Ebbene, con riferimento alla prima questione, la Consulta ha dichiarato la stessa inammissibile, affermando che 

giurisprudenza

l'eventuale introduzione di un terzo genere di stato civile non può che spettare al solo Legislatore. Tale scelta, infatti, comporterebbe un cambio significativo della legislazione vigente in diversi settori regolati dalla logica binaria, in primis del diritto di famiglia, ma anche del diritto del lavoro, dello sport, dello stato civile e del prenome, oltre alla conformazione dei “luoghi di contatto”, come ospedali, carceri e simili.

All'inammissibilità tuttavia si accompagna la riflessione dei Giudici su tutte quelle situazioni in cui la persona si percepisca come non appartenente né al genere femminile, né a quello maschile, rilevando come tale mancata identificazione generi un forte disagio rispetto al principio personalistico cui l'ordinamento costituzionale riconosce centralità all'art. 2 Cost.. Ciò, peraltro, potrebbe costituire fonte di disparità di trattamento ovvero compromettere il benessere psico-fisico della persona, tematica che si lega a quella della dignità sociale e della tutela della salute (artt. 3 e 32 Cost.).
Alla luce di ciò, la Consulta invita il Legislatore a non ignorare la tematica e ad occuparsi al più presto della condizione non binaria, in comparazione con le altre realtà UE.

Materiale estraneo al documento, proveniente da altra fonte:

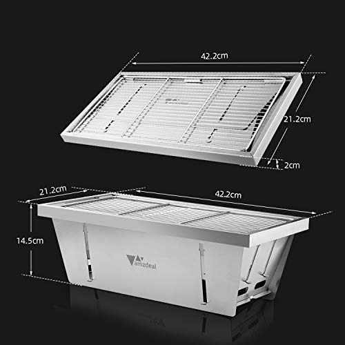 Amzdeal Barbacoa Parrilla de Carbón de Acero Inoxidable Portátil al Aire Libre Instalar y Doblar Por un Segundo Apto Para Picnic Camping Patio 3-5 Personas

Diverso epilogo ha la seconda questione, che la Corte costituzionale dichiara invece fondata, dichiarando l'incostituzionalità della norma censurata.

giurisprudenza

Come rileva la Corte, il percorso di transizione di genere si compie già attraverso trattamenti ormonali e di sostegno psicologico e comportamentale, seppur in assenza di un vero e proprio intervento chirurgico. Allora, la prescrizione dell'autorizzazione del tribunale è palesemente irragionevole nella misura in cui riguardi un trattamento chirurgico che avverrebbe comunque dopo la già disposta rettificazione, poiché essa non è funzionale a determinare i presupposti della rettificazione che si sono già verificati in precedenza.